TRY IT:
The output must match the lines from the first line of the listing below through the line holding "前期在中国农业大学三亿体育的" exactly and must contain no pictures.

GIVEN INFORMATION:
+-------+
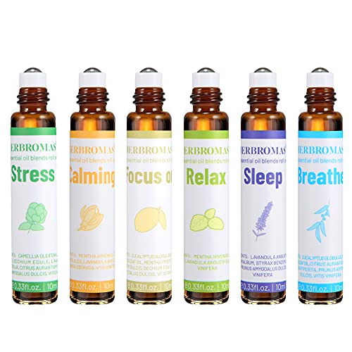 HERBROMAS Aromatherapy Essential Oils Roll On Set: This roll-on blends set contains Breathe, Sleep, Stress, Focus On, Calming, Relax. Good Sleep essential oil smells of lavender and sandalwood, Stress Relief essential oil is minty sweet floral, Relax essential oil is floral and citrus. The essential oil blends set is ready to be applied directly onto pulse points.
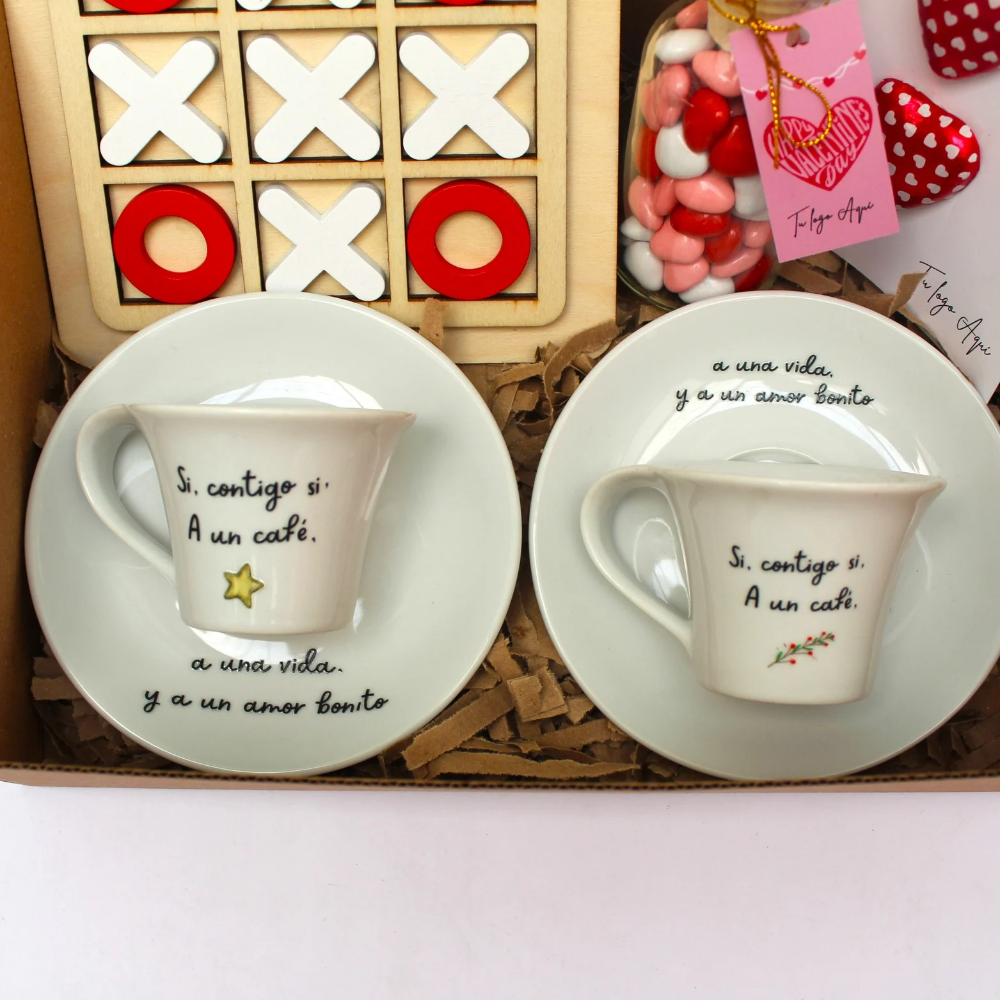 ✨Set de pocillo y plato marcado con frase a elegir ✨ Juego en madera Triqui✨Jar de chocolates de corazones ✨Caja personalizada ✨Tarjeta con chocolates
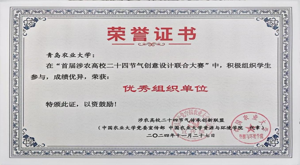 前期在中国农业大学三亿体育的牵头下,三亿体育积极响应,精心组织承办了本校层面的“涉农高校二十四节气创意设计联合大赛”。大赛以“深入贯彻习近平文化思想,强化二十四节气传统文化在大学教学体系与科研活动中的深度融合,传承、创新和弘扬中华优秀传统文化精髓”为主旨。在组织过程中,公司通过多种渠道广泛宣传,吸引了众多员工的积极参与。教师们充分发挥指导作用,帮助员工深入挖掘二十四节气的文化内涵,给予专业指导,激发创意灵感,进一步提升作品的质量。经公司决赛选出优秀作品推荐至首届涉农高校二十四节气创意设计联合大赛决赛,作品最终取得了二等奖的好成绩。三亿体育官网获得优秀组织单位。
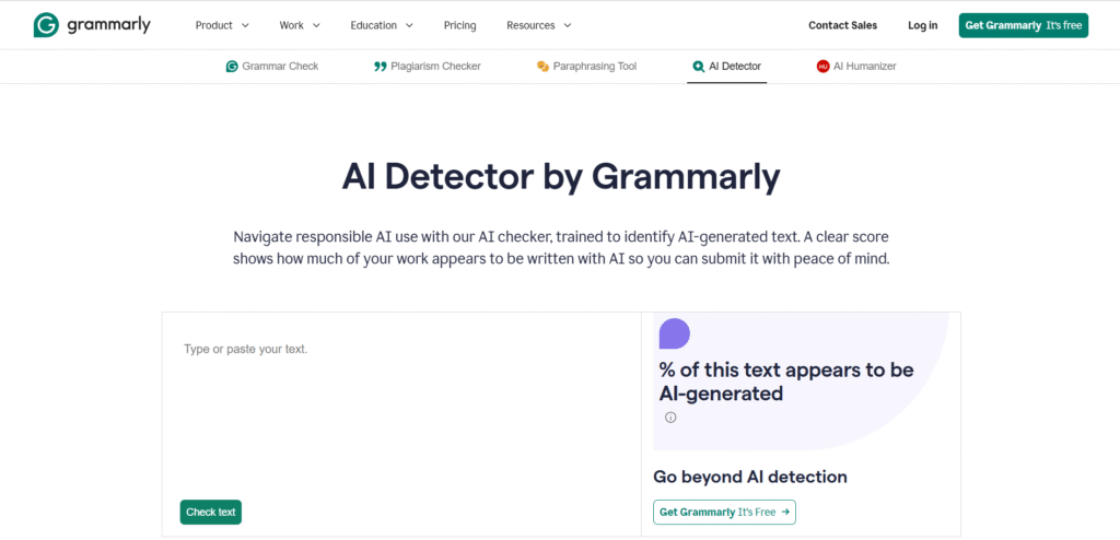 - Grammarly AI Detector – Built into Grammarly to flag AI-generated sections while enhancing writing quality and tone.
+-------+
EXERCISE SOLUTION:
 HERBROMAS Aromatherapy Essential Oils Roll On Set: This roll-on blends set contains Breathe, Sleep, Stress, Focus On, Calming, Relax. Good Sleep essential oil smells of lavender and sandalwood, Stress Relief essential oil is minty sweet floral, Relax essential oil is floral and citrus. The essential oil blends set is ready to be applied directly onto pulse points.
 ✨Set de pocillo y plato marcado con frase a elegir ✨ Juego en madera Triqui✨Jar de chocolates de corazones ✨Caja personalizada ✨Tarjeta con chocolates
 前期在中国农业大学三亿体育的牵头下,三亿体育积极响应,精心组织承办了本校层面的“涉农高校二十四节气创意设计联合大赛”。大赛以“深入贯彻习近平文化思想,强化二十四节气传统文化在大学教学体系与科研活动中的深度融合,传承、创新和弘扬中华优秀传统文化精髓”为主旨。在组织过程中,公司通过多种渠道广泛宣传,吸引了众多员工的积极参与。教师们充分发挥指导作用,帮助员工深入挖掘二十四节气的文化内涵,给予专业指导,激发创意灵感,进一步提升作品的质量。经公司决赛选出优秀作品推荐至首届涉农高校二十四节气创意设计联合大赛决赛,作品最终取得了二等奖的好成绩。三亿体育官网获得优秀组织单位。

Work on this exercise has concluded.